* **PROBLEM TO WORK ON**:
Retype, word for word, every line of the records below starting at the one that contains "Now push this" and ending at the one that contains "Sur la page"; include both of those lines and nothing more.

* **MATERIAL FOR THE TASK**:

....

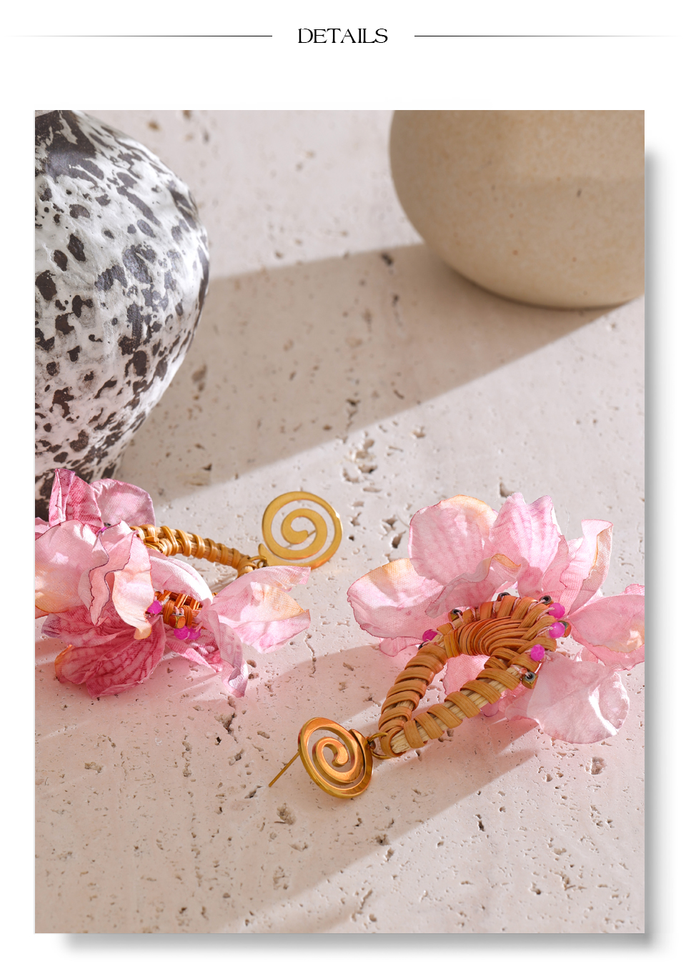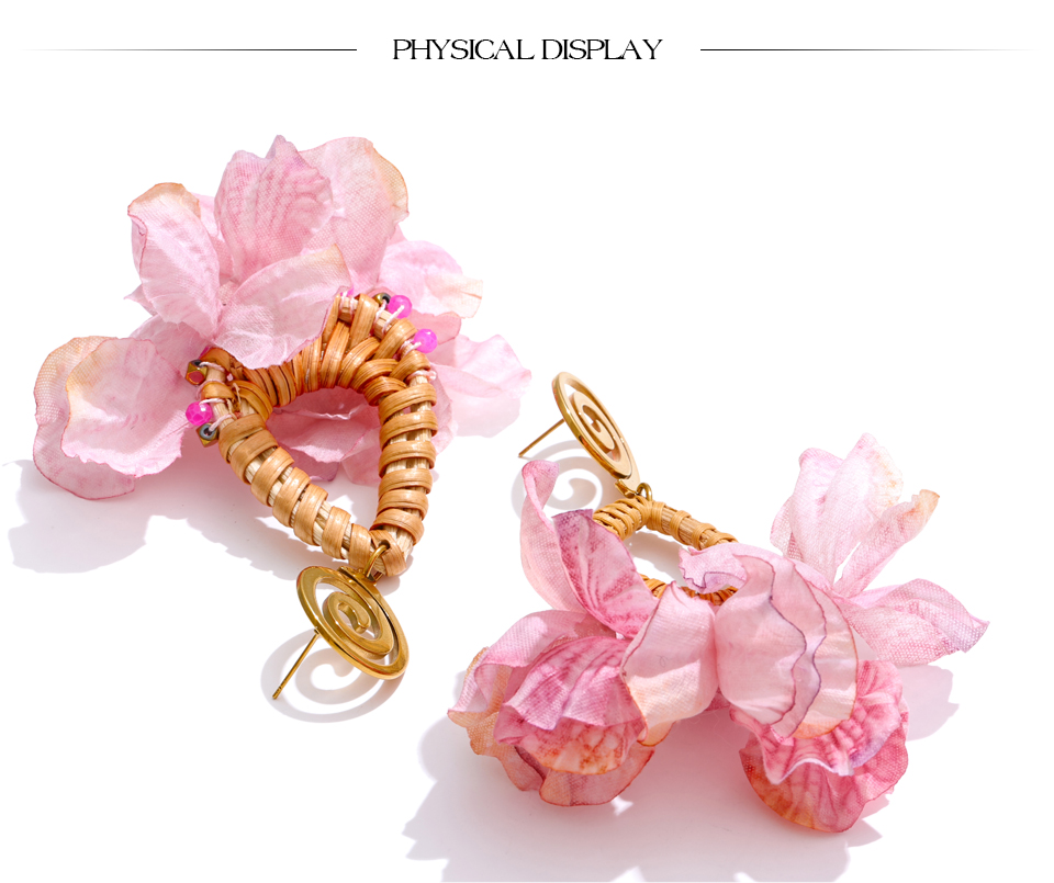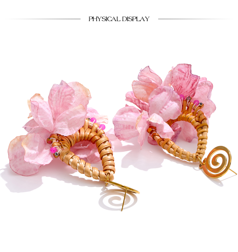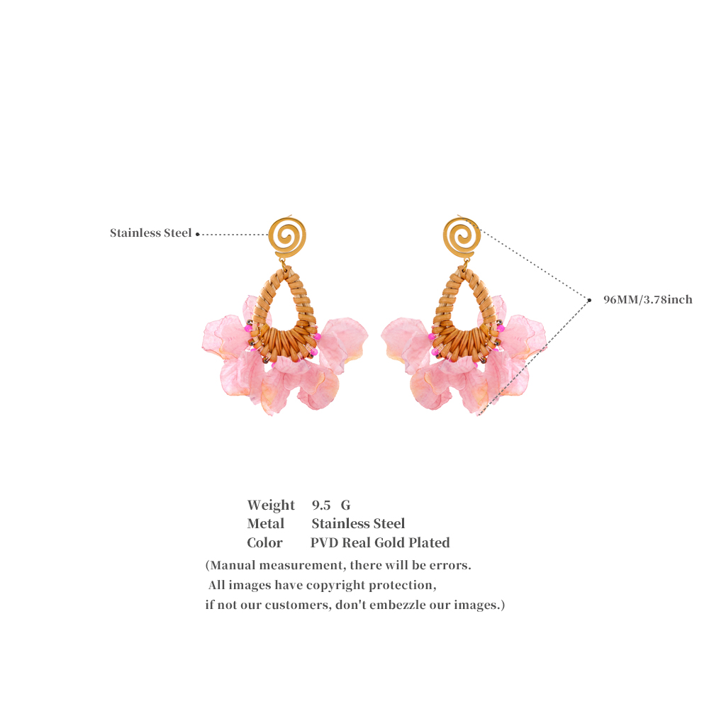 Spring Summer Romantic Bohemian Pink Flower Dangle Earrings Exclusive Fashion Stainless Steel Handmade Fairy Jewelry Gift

....

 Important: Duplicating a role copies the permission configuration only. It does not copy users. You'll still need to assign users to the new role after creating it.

....

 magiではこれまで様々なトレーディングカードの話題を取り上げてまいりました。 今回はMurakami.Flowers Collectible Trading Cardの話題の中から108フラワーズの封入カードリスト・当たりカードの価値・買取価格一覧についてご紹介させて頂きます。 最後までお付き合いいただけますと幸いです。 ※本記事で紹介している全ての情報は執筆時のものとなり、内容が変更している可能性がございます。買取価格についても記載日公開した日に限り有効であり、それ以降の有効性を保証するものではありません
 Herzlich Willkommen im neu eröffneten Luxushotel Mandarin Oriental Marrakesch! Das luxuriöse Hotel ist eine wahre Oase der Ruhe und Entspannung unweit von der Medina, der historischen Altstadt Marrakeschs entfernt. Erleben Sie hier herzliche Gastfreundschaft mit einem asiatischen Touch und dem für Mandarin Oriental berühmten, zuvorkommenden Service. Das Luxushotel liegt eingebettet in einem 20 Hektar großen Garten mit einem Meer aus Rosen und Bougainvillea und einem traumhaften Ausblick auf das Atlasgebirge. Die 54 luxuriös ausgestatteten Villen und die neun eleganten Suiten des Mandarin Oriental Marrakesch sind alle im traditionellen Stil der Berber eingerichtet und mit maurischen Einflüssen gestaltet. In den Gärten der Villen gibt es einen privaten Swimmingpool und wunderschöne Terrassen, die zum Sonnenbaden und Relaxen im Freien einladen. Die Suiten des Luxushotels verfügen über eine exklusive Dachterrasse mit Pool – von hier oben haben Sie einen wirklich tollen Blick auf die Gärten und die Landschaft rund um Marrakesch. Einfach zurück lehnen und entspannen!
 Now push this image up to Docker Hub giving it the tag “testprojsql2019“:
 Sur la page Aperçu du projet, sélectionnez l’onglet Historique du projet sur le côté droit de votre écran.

....

* **WRITTEN REPLY**:
 Now push this image up to Docker Hub giving it the tag “testprojsql2019“:
 Sur la page Aperçu du projet, sélectionnez l’onglet Historique du projet sur le côté droit de votre écran.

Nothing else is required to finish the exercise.